Even if all disks are on that HBA, problems with multiple disks simultaneously indicate controller or power problems, or possibly SAS cable if the problems are all on one cable.

Yes. Everything is in the DAS(two controllers and HDDs) which then connects to the LSI card in the server.

That might be what is throwing you for a loop, the dual controllers that are inside/connected to the LSI card

trurl · July 29, 2022

12 minutes ago, mathomas3 said:

waiting on the extended

You will probably have to disable spindown on the disk to get it to complete.

trurl · July 29, 2022

2 minutes ago, mathomas3 said:

Yes. Everything is in the DAS(two controllers and HDDs) which then connects to the LSI card in the server.

That might be what is throwing you for a loop, the dual controllers that are inside/connected to the LSI card

I don't have a broad hardware experience like @JorgeB

Port multipliers? How long does your 8TB parity check normally take?

mathomas3 · July 29, 2022

3 minutes ago, trurl said:

I don't have a broad hardware experience like @JorgeB

Port multipliers? How long does your 8TB parity check normally take?

last check on the 15th lasted 1day 6h avg speed was 73.7mb

though that was with many dockers running... If I turn that off and run it I get up to 175mb

Edited July 29, 2022 by mathomas3

trurl · July 29, 2022

My 8TB parity check is under 16 hours, 140 MB/s

trurl · July 29, 2022

About your configuration.

To me, it would have made more sense to put that 1TB SSD (currently assigned as disk8) as a single disk pool for caching (XFS, no redundancy since it is going to eventually wind up on the array), and use those 2x256 SSDs (currently assigned as cache) as another fast pool, btrfs raid1, for appdata, domains, system shares.

mathomas3 · July 29, 2022

32 minutes ago, trurl said:

About your configuration.

To me, it would have made more sense to put that 1TB SSD (currently assigned as disk8) as a single disk pool for caching (since it is going to eventually wind up on the array), and use those 2x256 SSDs (currently assigned as cache) as another fast pool, raid1, for appdata, domains, system shares.

I do like that plan... Just havent took the time to get it done... The fast pools are something new that I havent touched on yet.

Again thank you for the help today.

The UPS needs to be switched out. I suspect that it's too small for the new hardware, on boot it beeps for a second or two due to excess power draw

Edited July 29, 2022 by mathomas3

mathomas3 · July 29, 2022

Disk 8 just completed with zero errors... Parity drive is still at 10%

trurl · July 30, 2022

2 hours ago, mathomas3 said:

Disk 8 just completed with zero errors... Parity drive is still at 10%

8TB HDD will take many hours for extended test, with updates every 10%. Might as well check back tomorrow.

JorgeB · July 30, 2022

Controller is OK, only the LSI HBA is being used.

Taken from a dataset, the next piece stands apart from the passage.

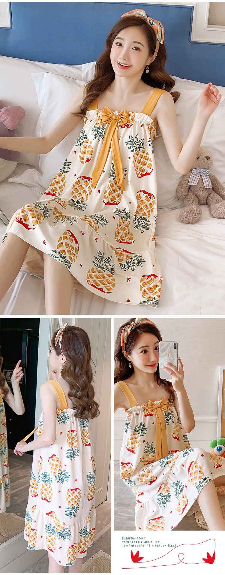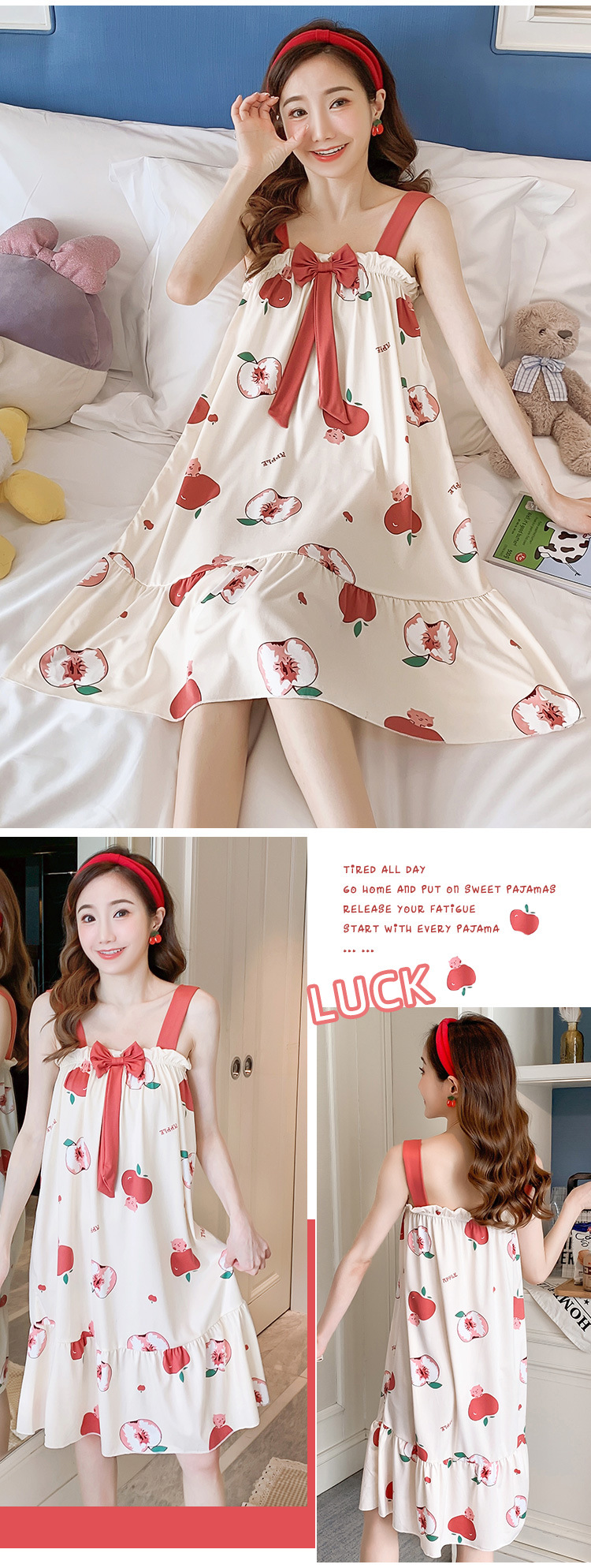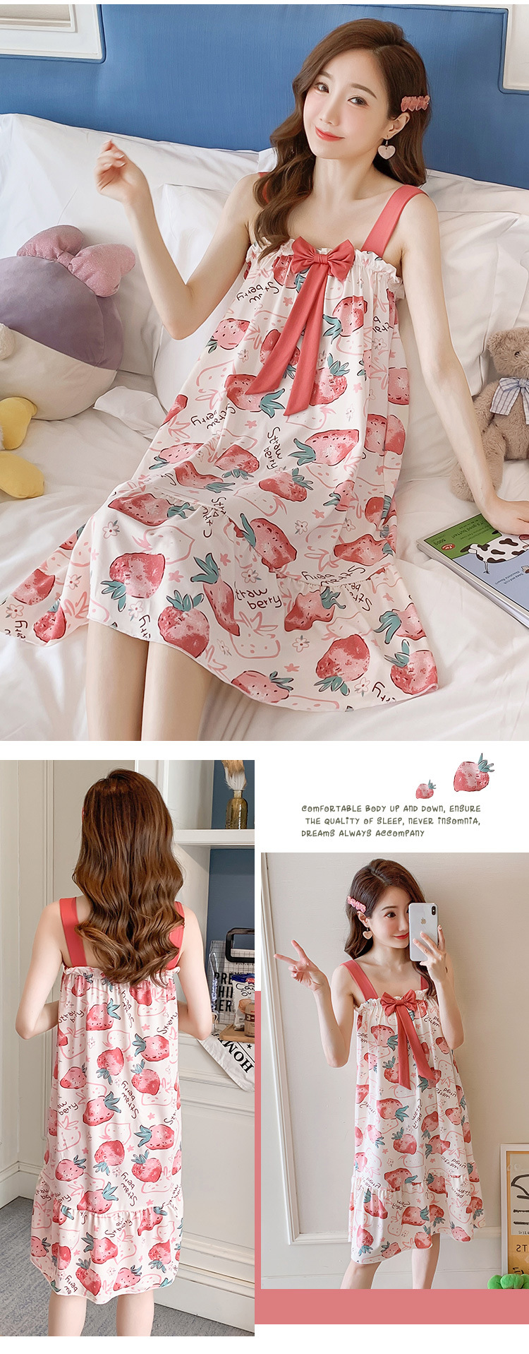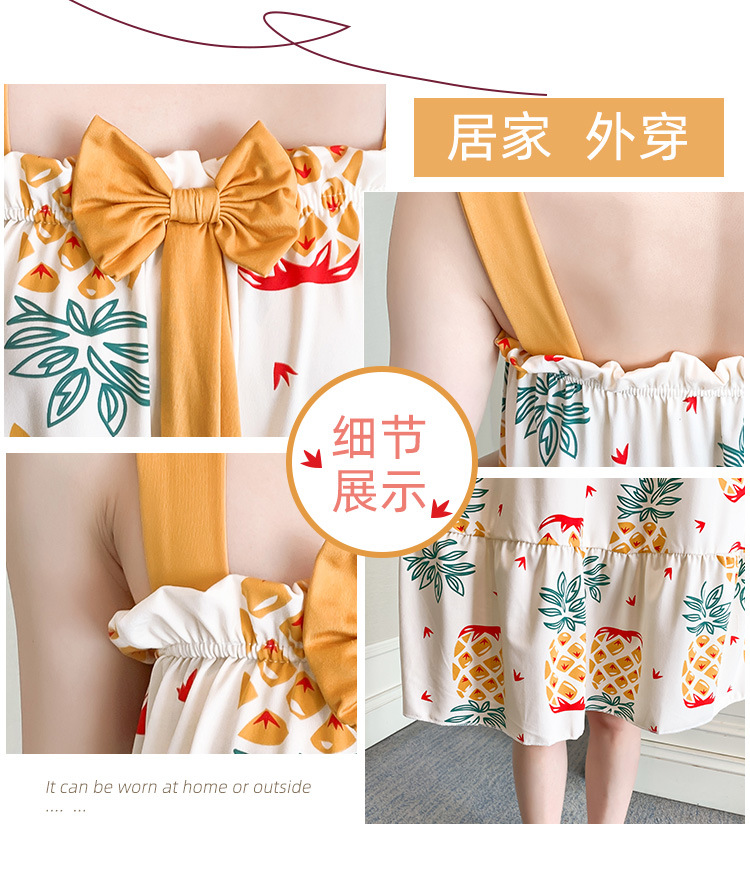 Comercio exterior 2023 correa de verano flojo camisón las mujeres largas dibujos animados arco dulce pijamas desgaste del hogar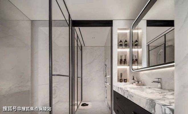 ✔卫生间地面和墙面整体性也非常强,奢石台面的纹路和岩板墙面和协调。

Initial issue appears to have been a power problem, multiple disks dropped at the same time.

Disk10 does appear to be showing some issues, run a long test and even if it passes any more read errors I would recommend replacing it.

mathomas3 · July 31, 2022

Both drives cleared on the extended check and thus far zero errors on disk 10... I will keep an eye on that disk...

Parity and disk 8 are being rebuilt now... decided to replace both of the disk with the spares that I had on hand and plan to use trurl's advise...

On a side note... I have never touched the docker vdisk since it was made years ago, and I would think that I can copy/cut it to a different location and update the location via the settings page... If I were to modify the size of the disk would that corrupt the disk/image?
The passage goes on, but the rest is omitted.